The certificate provided for by the statute was filed in attempted conformity thereto on the 9th of October, the same day upon which the action was begun. The plaintiffs were not qualified or entitled to begin the action until they had made the publication herein required, which is that, “the certificate shall be published once a week for four consecutive weeks in a newspaper published in the county, if there be one.”
And this is the view taken by the supreme court of California on August 9, 1883, in Byers et al. v. Bourrett, 28 Pac. Rep. 61.

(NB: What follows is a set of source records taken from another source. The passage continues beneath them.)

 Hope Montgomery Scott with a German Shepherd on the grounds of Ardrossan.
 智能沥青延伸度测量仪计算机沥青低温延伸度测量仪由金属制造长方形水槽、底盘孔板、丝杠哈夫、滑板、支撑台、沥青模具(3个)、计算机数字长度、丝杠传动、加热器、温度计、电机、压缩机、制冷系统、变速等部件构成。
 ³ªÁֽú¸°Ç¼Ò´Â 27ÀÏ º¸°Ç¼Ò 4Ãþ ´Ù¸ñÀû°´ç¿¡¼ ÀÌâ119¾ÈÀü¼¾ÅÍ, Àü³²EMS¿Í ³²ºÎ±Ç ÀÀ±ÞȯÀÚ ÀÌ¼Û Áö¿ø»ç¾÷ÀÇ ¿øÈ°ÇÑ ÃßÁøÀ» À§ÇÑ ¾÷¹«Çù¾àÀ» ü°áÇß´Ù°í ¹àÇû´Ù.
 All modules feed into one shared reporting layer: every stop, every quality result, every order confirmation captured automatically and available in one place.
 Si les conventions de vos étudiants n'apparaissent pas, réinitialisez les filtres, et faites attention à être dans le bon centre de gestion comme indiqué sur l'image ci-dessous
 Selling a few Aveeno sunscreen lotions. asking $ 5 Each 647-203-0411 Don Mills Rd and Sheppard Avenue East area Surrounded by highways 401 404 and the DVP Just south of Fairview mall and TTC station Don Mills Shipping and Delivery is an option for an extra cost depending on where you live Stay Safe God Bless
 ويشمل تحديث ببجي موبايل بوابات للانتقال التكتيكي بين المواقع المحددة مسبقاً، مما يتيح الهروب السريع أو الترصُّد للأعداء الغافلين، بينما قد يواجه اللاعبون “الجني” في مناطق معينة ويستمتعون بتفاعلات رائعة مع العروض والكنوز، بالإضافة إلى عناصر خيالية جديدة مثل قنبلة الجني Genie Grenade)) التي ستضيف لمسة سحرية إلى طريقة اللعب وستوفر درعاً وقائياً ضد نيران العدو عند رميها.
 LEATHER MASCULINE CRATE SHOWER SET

*466 But the plaintiffs sought to obviate tbe difficulty, which they had encountered, by assigning their various interests to McKee, and procuring his substitution as plaintiff after the action had been commenced. The plaintiffs could not thus avoid the requirements of the statute. They had no right to begin the action at the time they did, and the substitution of McKee availed them nothing since he could have acquired no greater right than the persons and firms constituting “The Choctaw Lumber Company.” They had no right to maintain the action on the 9th of October, and they could not thereafter initiate the right to sustain that action by subsequent 'sale and assignment to one of their number.
The judgment is affirmed.
Reference
- Full Case Name
- Choctaw Lumber Company v. I. L. Gilmore
- Cited By
- 15 cases
- Status
- Published
- Syllabus
- 1. FICTITIOUS PARTNERSHIPS — Actions by. The declarations of the statute that a partnership transacting business in this territory-under a fictitious name shall file a certificate with the clerk of the district court stating the names of the members of the partnership in full and publish the same for four consecutive weeks; that persons so doing business as a partnership, contrary to the provisions of this article, shall not maintain any action on account of any contracts made or contracts had in their name in any court in this territory until they have first filed their certificate and made the publication required, is mandatory and must be complied with literally, and the publication required must be of four consecutive weeks before any such action can be maintained in the courts. 2. FICTITIOUS PARTNERSHIP — Assignment—Right of Action. After the bringing of the suit the plaintiff partnership assigned its interest to an individual member of plaintiff to continue the prosecution of the action. Since the Choctaw Lumber company could assign no interest in the action other than that which they had at the beginning of the suit, and at the time, it had no right to maintain an action, and such a right could not be initiated by a subsequent sale and assignment to one of its member. (Syllabus by the court.)